自民党の安倍晋三元首相が、首相返り咲きに意欲を見せているという。

「安倍氏は、辞任の原因になった大腸の不調はすっかり改善、以前はほとんど飲めなかった酒も最近は飲めるようになった、と話している。体調面の不安はないからチャンスがあればということだろう」

自民党幹部はそう話す。

安倍氏の近況で目を引くのが、今年に入り大阪維新の会代表の橋下徹大阪市長と急接近していること。橋下氏と何度か会っているほか、橋下側近の松井一郎大阪府知事ともたびたび会談している。

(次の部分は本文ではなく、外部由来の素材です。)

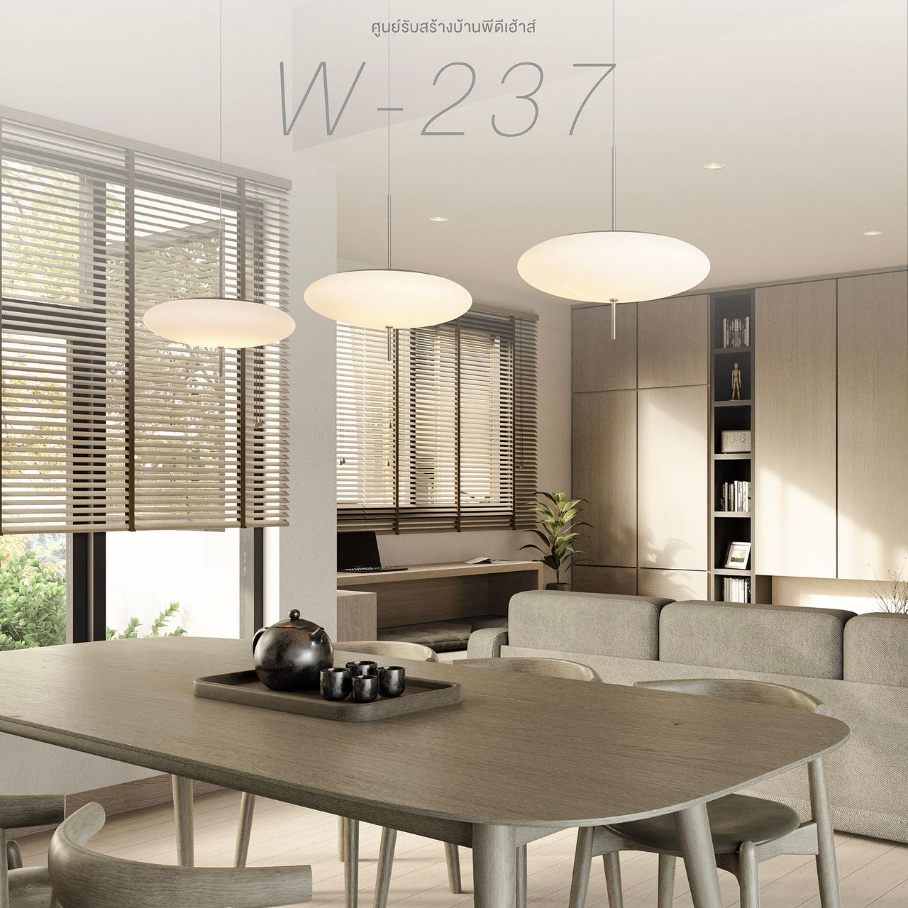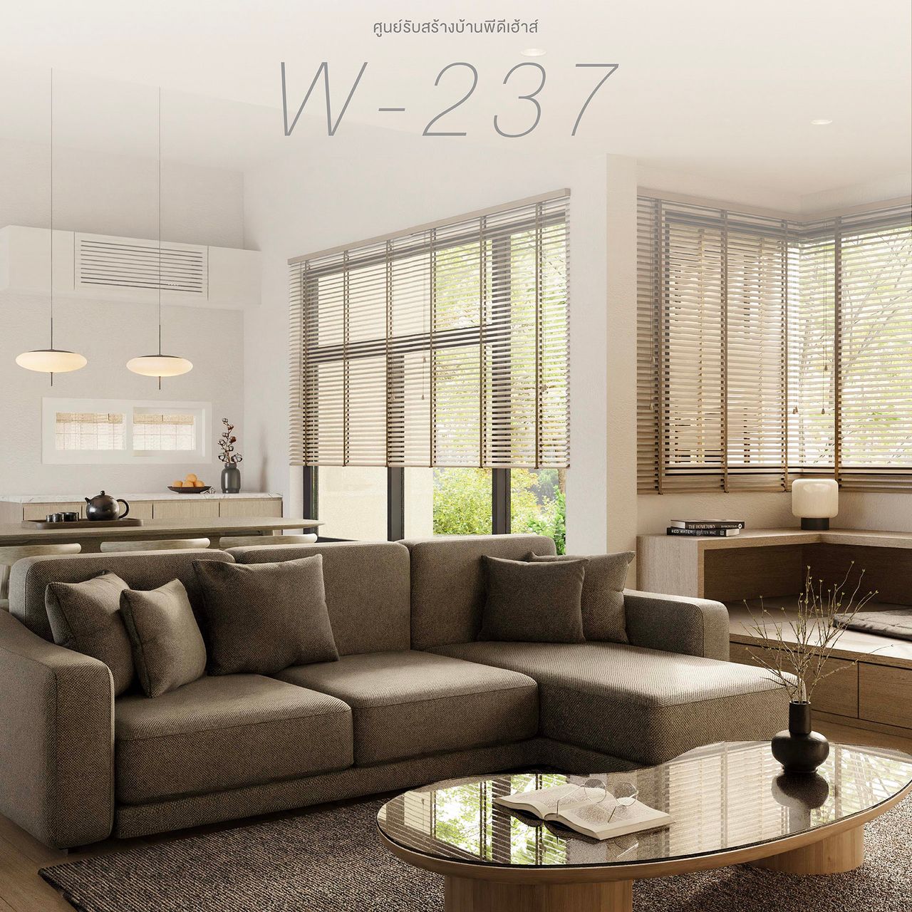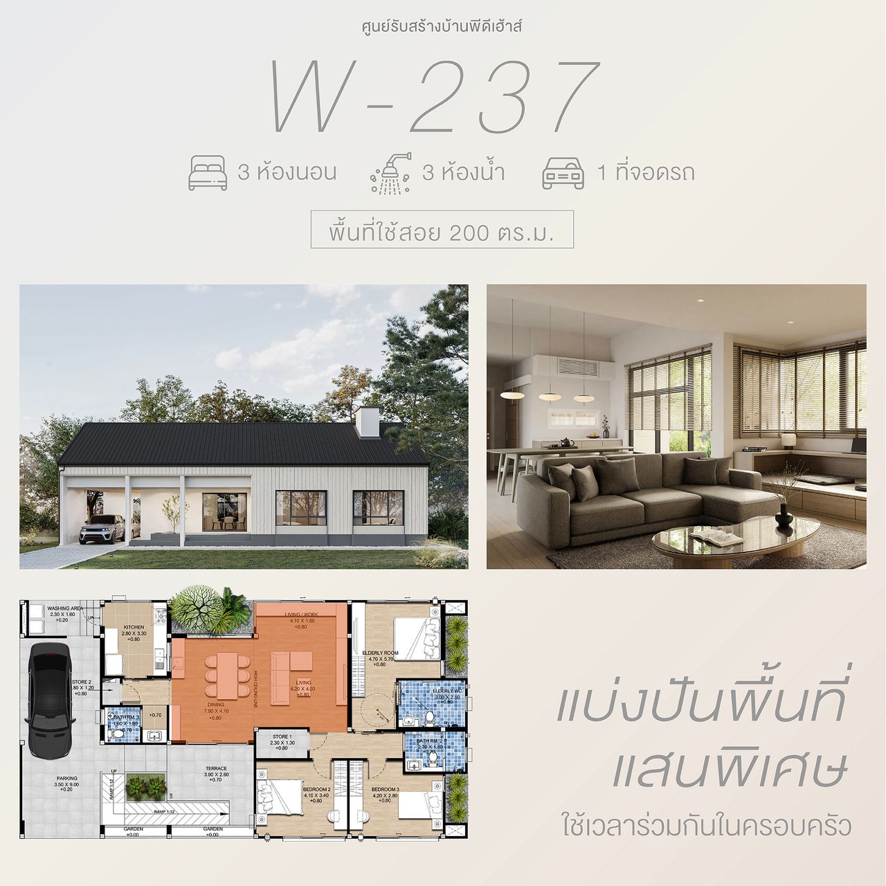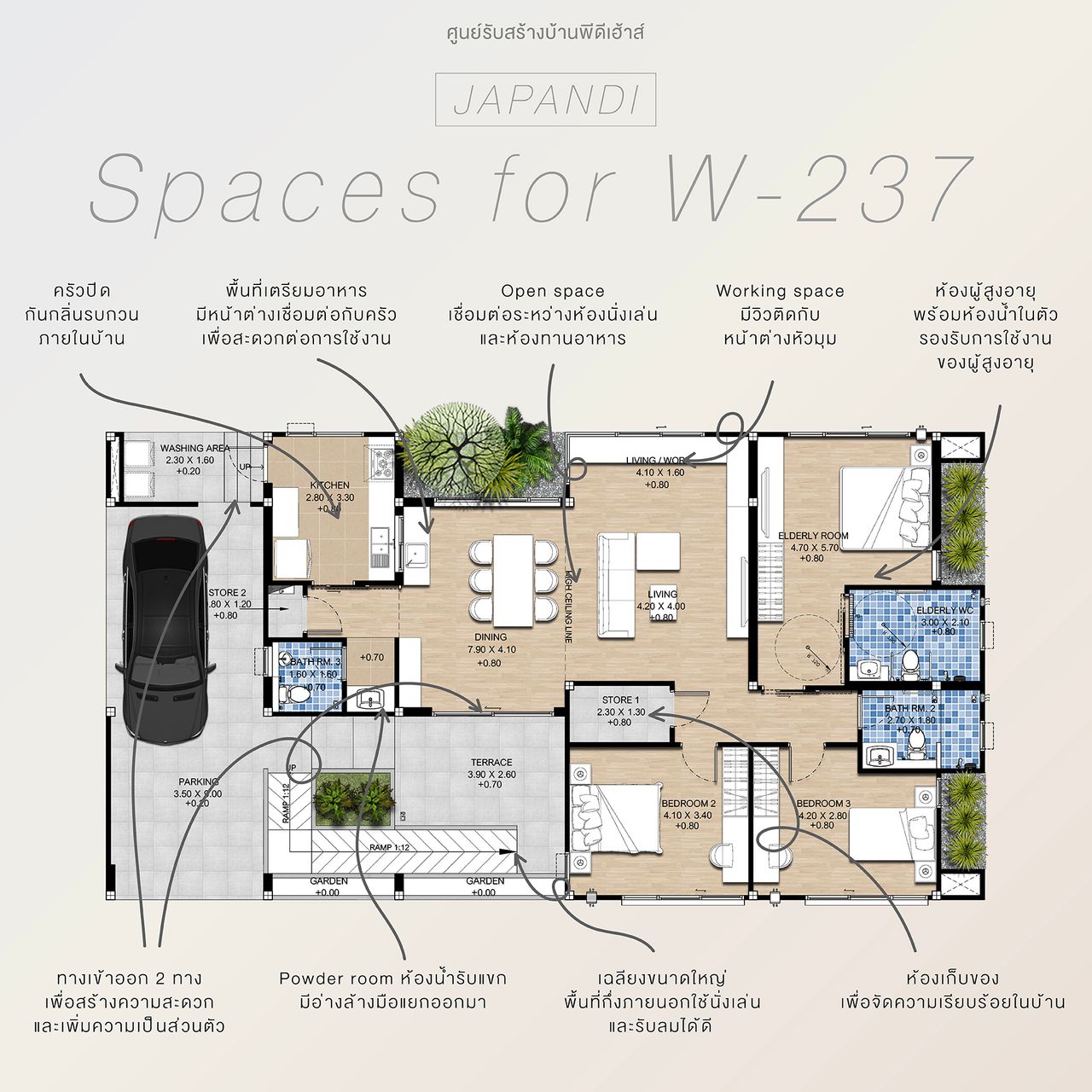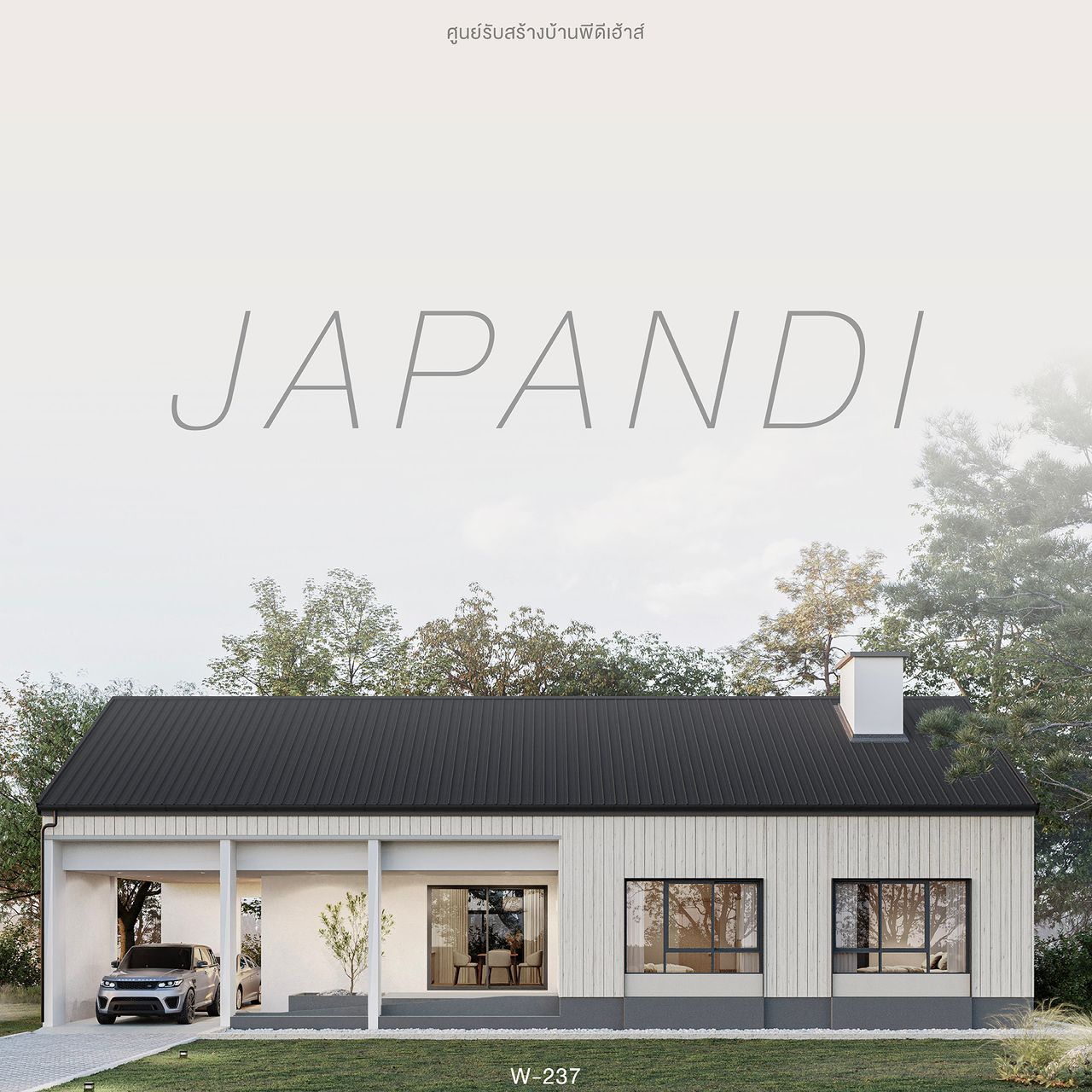บ้านชั้นเดียวที่ผสมผสานงานสถาปัตยกรรมของญี่ปุ่นและสแกนดิเนเวียนไว้อย่างลงตัว โดดเด่นด้วยรูปทรงที่มีเอกลักษณ์ พร้อมเฉลียงด้านหน้าที่สามารถจัดเป็นมุมพักผ่อนได้ ตัวบ้านถูกออกแบบให้มีช่องเปิดขนาดใหญ่โดยรอบมองเห็นบรรยากาศภายนอกได้อย่างใกล้ชิด ภายในถูกออกแบบให้ดูเรียบง่ายในสไตล์ Minimal แต่แฝงไว้ด้วยความทันสมัยเพื่อให้สอดรับการการใช้งานในยุคปัจจุบัน คุ้มค่าด้วยการจัดวางพื้นที่ใช้สอยให้เชื่อมต่อกันพร้อมห้องนอนผู้สูงอายุที่มีห้องน้ำในตัวและอุปกรณ์รองรับการใช้งาน ภายในคุมโทนสีที่อ่อนเพื่อให้ดูอบอุ่นสบายตา ตอบรับการอยู่อาศัยได้อย่างสมบูรณ์แบบ
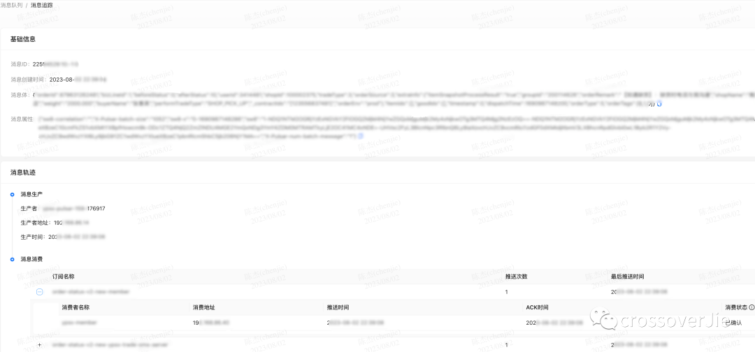 当然仅仅只有这个面板依然是不够的,后续我们又开发了可以通过 messageId 查询它的整个生命周期,包括:
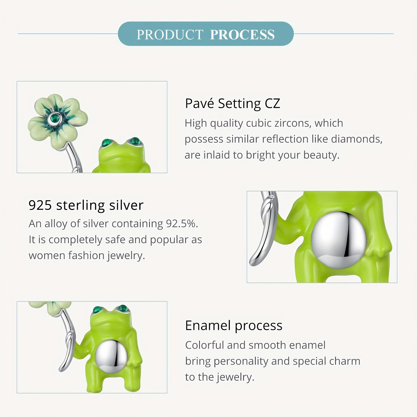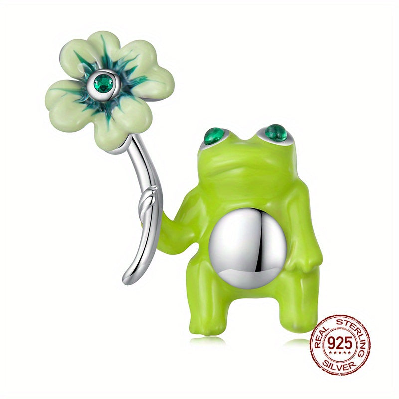 Add a touch of whimsy to your bracelet with this S925 sterling silver frog clover beaded charm. Create a unique piece of jewelry that reflects your style and personality.
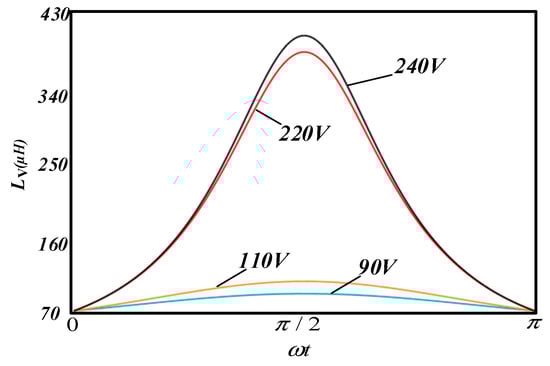 According to the circuit parameters listed in Table 1, the initial value of the variable inductor Linitial is 75 µH, and from Equation (20) and combined with the relation of the intermediate capacitor voltage VC1 and the input voltage Vin_RMS, the range of inductor variation can be plotted in a half line cycle as shown in Figure 8.
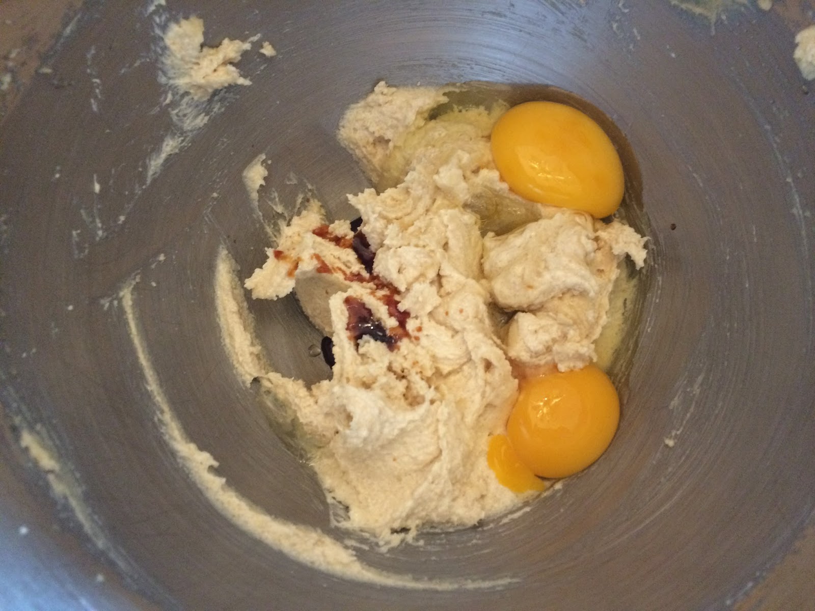 Eier und Vanille dazugeben, nur kurz verrühren.
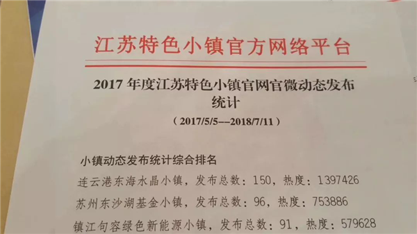 與此同時,在江蘇特色小鎮第四次創建工作推進會上,江蘇特色小鎮官方網絡平臺公布了動態統計數據(2017/5/5—20187/7),東海水晶小鎮新聞發布數量排名位居榜首,熱度排名名列第一。
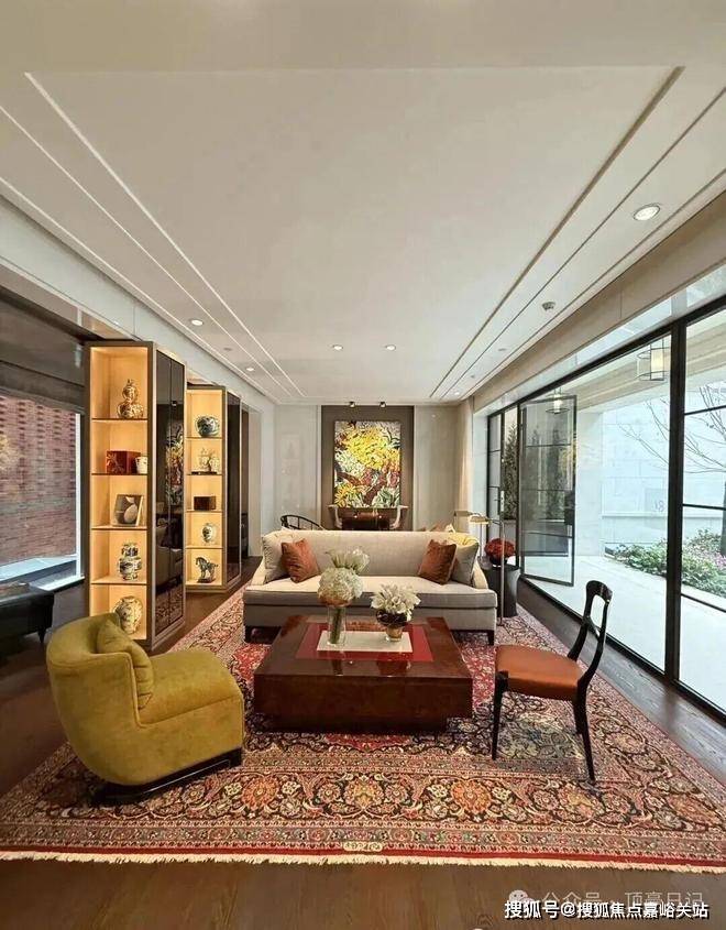 正式的大沙发区域,灵活散座区域,家具注重收藏种类多样性,中式圈椅,西式小沙发,灵活移动,根据需求可聚可散。手工编织的复古羊毛波斯地毯,用植物和矿物天然染料来进行染色,拥有了抗衡时间侵蚀的美,更增加了收藏的丰富性,是高品味的体现。

「会談では“あなたと私の考えはよく似ている”と橋下氏にエールを送っている。またテレビ出演時も橋下氏を盛んにほめていた」(全国紙の自民党担当記者)原発再稼働や消費増税を巡り既成政党批判が高まる中、国民の大阪維新の会への期待は鰻上り。「いま解散したら民主は第一党になれず、自民も第一党を取れないで維新がワーッと当選してくる」(輿石東・民主党幹事長)のは確実で、総選挙後は大阪維新の会と組む政党が政権に就く可能性が高い。安倍氏周辺が話す。

「安倍氏もそれを見越して橋下氏と接触を重ねてきた。6月初めの時点では、消費増税法案成立に向け、民主・自民両党内に大連立模索の動きがあったが、安倍氏は“民・自大連立なら離党も辞さず”と猛反発。安倍新党旗揚げの可能性もあった。結局、大連立せずとも消費増税法案が通る見通しがついたため安倍新党は見送られたが、“新党旗揚げ、橋下維新との連立”まで安倍氏は見据えていた」

安倍氏が「頭の体操」(周辺)として思い描いていたシミュレーションとは?

「年内解散・総選挙の場合、維新は全国に落下傘で候補を擁立するが、橋下氏本人は昨年の11月の大阪市長当選から1年経たないと総選挙に出馬できない。維新は橋下氏が中央政界で活動できないので、党の顔を求めて安倍氏に接近する」

一方、民・自大連立に反発して新党を立ち上げ、総選挙を戦うことになった安倍氏のもとには、国民の既成政党離れの空気を敏感に察した自民党の新人候補が殺到し一大勢力を形成する。

「そして維新の会と安倍新党が合併含みで連立。安倍首相が誕生する」(周辺)

結局、頭の体操で終わりそう……。